## WHAT IS EXPECTED
Please copy the lines below, exactly as they are, from the one with "寒假如期到來,乃村駐村工作隊" through the one with "Black track jacket.", and leave out the pictures.

## RECORD EXCERPTS
-- -- --
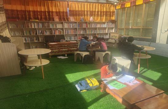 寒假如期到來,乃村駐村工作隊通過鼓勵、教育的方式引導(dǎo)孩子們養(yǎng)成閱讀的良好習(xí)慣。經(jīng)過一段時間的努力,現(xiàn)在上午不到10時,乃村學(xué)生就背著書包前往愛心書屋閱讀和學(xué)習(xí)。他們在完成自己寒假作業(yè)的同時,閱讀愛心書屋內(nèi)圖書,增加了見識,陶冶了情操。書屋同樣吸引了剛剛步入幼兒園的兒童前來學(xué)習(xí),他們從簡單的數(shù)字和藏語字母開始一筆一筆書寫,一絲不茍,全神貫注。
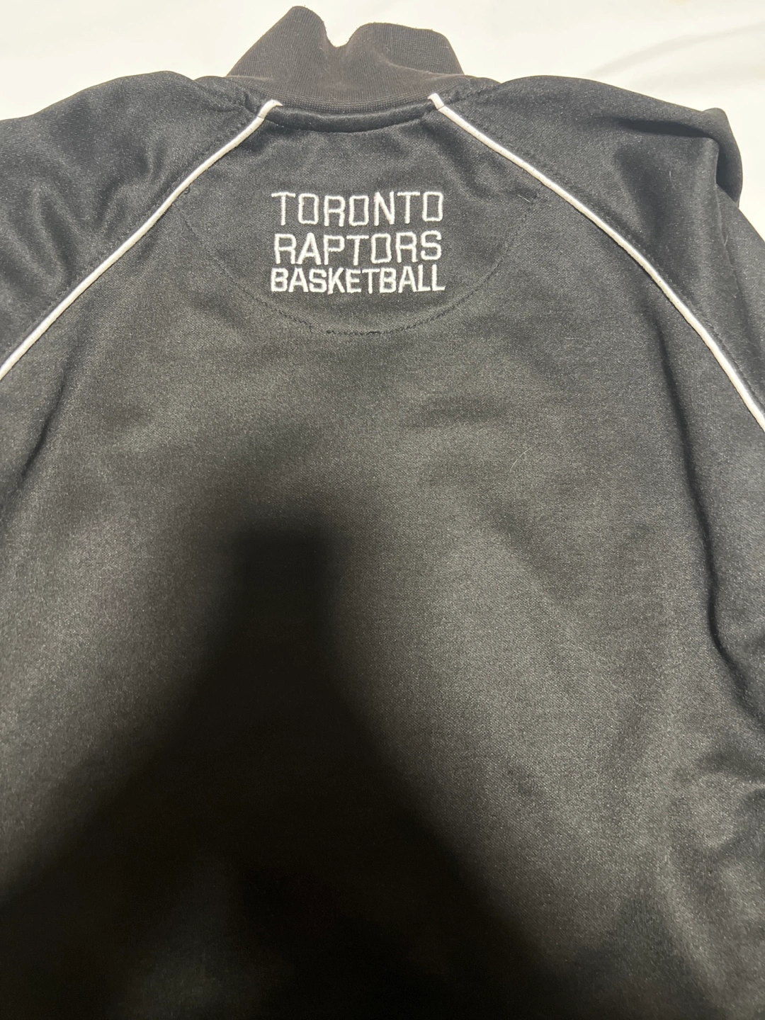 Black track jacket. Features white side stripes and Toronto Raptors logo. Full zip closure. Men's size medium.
-- -- --
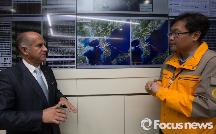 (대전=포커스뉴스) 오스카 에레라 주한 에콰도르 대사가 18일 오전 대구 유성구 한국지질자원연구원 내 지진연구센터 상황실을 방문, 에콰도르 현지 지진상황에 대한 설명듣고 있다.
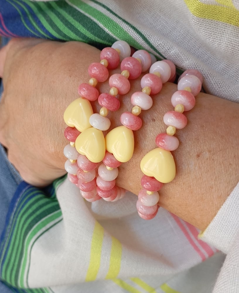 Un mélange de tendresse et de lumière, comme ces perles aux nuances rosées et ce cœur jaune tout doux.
-- -- --
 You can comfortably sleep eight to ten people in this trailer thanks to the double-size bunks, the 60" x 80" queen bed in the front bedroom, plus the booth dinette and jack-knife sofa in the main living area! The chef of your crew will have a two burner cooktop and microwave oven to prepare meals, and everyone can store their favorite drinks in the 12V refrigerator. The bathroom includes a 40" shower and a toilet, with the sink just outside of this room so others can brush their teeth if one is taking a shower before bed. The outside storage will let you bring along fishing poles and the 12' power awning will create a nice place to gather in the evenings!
-- -- --
## RESPONSE BELOW
 寒假如期到來,乃村駐村工作隊通過鼓勵、教育的方式引導(dǎo)孩子們養(yǎng)成閱讀的良好習(xí)慣。經(jīng)過一段時間的努力,現(xiàn)在上午不到10時,乃村學(xué)生就背著書包前往愛心書屋閱讀和學(xué)習(xí)。他們在完成自己寒假作業(yè)的同時,閱讀愛心書屋內(nèi)圖書,增加了見識,陶冶了情操。書屋同樣吸引了剛剛步入幼兒園的兒童前來學(xué)習(xí),他們從簡單的數(shù)字和藏語字母開始一筆一筆書寫,一絲不茍,全神貫注。
 Black track jacket. Features white side stripes and Toronto Raptors logo. Full zip closure. Men's size medium.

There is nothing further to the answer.